May the Force be with You
While using this method to control how Google indexes your on-page content, there are a couple of things you should keep in mind. First, there is a difference between indexing and crawling. Google may crawl portions of your page that are demarcated with
googleoff tags. So in case you were thinking that this technique may be a way to deal with Google’s new nofollow policy, forget about it — PageRank will continue to flow through any links contained within a
Besides this, also keep in mind that this is a proprietary technique supported exclusively by Google Search Appliance. If you have content that you want to keep out of the index of all search engines, then you will need to find another way to do it. Eventually, Yahoo! and MSN/Live/Bing/Whatever may create proprietary “on/off tags” of their own, but chances are slim to none that they will obey the proprietary technology of the mighty Google.
For more information about googleon/googleoff tags, check out Google’s official documentation.
That actually sounds pretty awesome! will need to add it to my ‘must needed improvements’
It seems that these tags are for Google Search Appliance, whatever that is. Do you have any evidence that they work for Googlebot as well? It would be great if they do.
I got all excited with you, Jeff. Wonder why Googlebot doesn’t have something like this. It would be especially helpful for CMS sites.
My company’s site keeps getting weird Google results that have one title but go to a page with different content, all because we have sidebar modules that have teasers, like “latest reviews” and so on, that appear on many different pages in our site. I wish I could keep Googlebot from indexing those modules.
*Sigh* – I figured it was too good to be true.
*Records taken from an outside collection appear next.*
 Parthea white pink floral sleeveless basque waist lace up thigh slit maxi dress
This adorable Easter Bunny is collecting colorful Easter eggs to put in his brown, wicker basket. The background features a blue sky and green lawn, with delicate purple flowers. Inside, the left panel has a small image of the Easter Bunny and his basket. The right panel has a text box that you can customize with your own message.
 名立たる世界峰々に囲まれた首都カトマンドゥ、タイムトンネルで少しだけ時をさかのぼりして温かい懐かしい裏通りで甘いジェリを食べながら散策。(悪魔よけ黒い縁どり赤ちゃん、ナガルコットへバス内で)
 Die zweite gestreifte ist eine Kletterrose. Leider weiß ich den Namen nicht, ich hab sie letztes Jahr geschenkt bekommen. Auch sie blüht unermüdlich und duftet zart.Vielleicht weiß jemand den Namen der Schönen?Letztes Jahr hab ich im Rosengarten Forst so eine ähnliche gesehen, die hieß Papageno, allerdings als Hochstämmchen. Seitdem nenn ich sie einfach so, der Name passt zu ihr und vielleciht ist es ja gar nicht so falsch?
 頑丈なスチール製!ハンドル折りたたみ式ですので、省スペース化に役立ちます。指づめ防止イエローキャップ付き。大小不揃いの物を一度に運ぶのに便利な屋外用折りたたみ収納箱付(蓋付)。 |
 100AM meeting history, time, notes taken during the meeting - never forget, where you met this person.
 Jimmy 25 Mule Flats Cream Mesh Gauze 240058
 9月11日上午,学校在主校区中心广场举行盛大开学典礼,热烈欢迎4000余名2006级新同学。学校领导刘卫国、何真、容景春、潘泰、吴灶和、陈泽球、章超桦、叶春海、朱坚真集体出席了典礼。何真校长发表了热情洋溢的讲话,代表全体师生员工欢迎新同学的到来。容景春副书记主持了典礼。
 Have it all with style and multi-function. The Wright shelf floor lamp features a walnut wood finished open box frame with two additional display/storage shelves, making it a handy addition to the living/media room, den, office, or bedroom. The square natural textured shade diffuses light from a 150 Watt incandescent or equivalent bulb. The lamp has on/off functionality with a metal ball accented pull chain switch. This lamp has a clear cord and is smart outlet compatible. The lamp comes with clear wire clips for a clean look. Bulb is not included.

In my excitement, I failed to realize that this technique only applies to the GSA. Ah well, life goes on.
I did update the post with the correct information, so thank you Jessi for pointing it out. Cheers.
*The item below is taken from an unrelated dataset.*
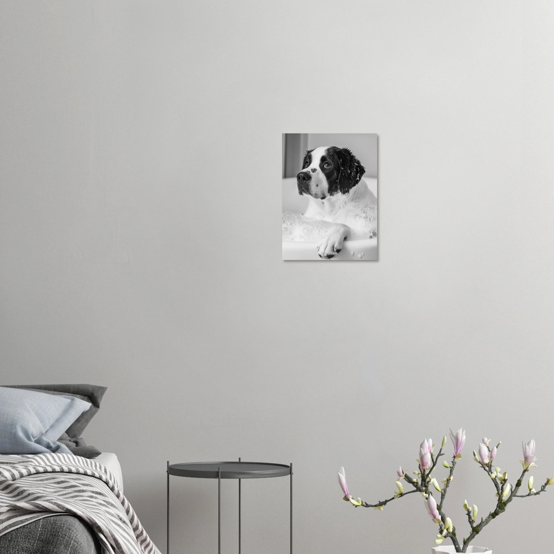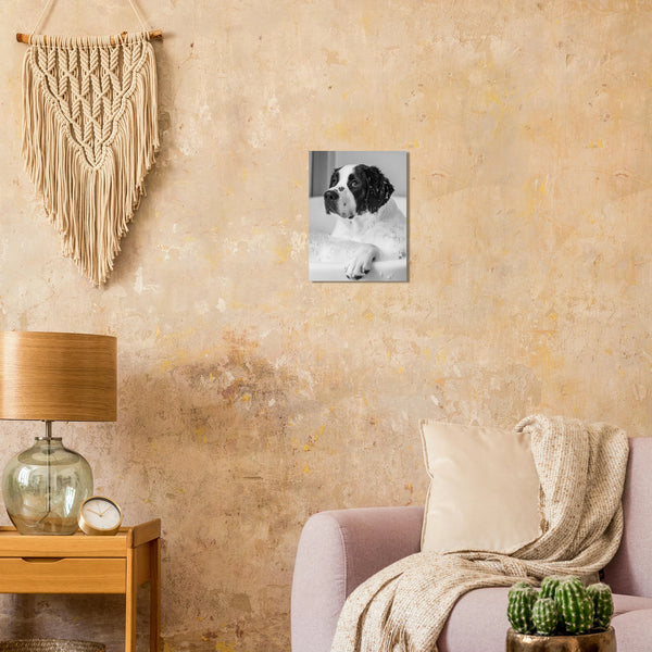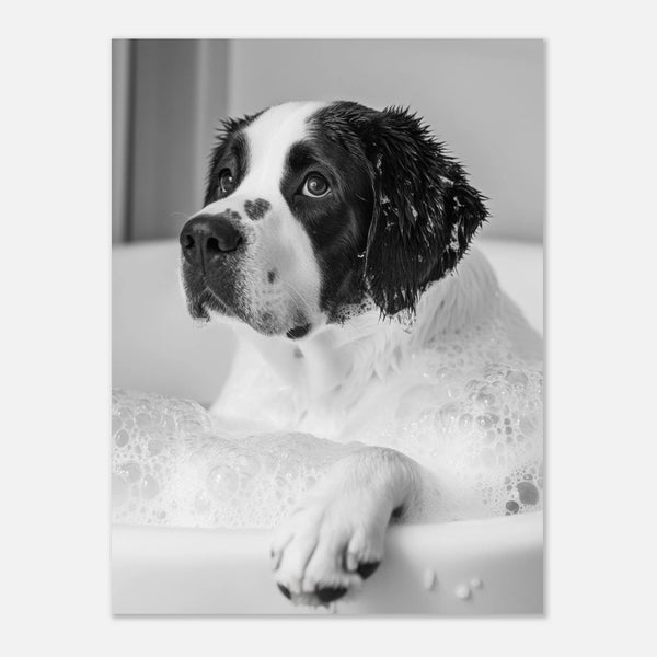 Bring a touch of heartwarming innocence into your home with this captivating art print, featuring an adorable puppy enjoying a bubbly bath. The monochromatic palette highlights the puppy's sweet expression and the playful texture of the suds, creating a timeless and endearing piece perfect for any animal lover's space.

Lol, yeah, sorry about the false alarm.
Google does need to implement something like this for their main index. If you think about it, the googleon/googleoff tags have been deemed worthy for enterprise use, so it seems logical that they would also benefit everyone else as well.
They are probably paranoid about potential “black-hat” abuse if it were available to the masses.
I got all excited for a moment. Alas. I asked for page section exclusion almost two years ago.
Hi Michael, my apologies for the false hope. I have known about this technique for quite awhile, but always assumed that it targeted Googlebot. In fact, I had never even heard of the “Google Search Appliance” until today.
Enabling the googleon/googleoff tags only on GSA seems like a perfectly good technique wasted on a rather obscure aspect of search. Quite a disappointment imho.
There are a few other useful features that GSA has but the bot does not, such as meta tag searches. I think their main concern is the potential for black hat SEO abuse in these cases…
Hi Jeff, I’m sure you’re right about this:
“if it threatens their bottom-line they’re not going to use it.”
And unfortunately, those of us adversely affected by lack of this tool need Google too much to try and organize a boycott.
I’ve actually been trying to convince my co-workers that we should design our pages with this problem in mind, and try not to put teaser content on a page we don’t want it associated with in Google results. Doesn’t seem like we should have to do that, but that’s life.
Hi fuzion, that’s what I’m thinking too. Another case where a small group of people ruin it for the rest of us.
Also keep in mind that Google’s main purpose is to make money. Regardless of how useful a tool happens to be (as in the case of googleon/googleoff), if it threatens their bottom-line they’re not going to use it.
Thanks so much, Jeff! I’ll check out that article for sure. Thanks for being so hugely helpful, as always. You are a treasure!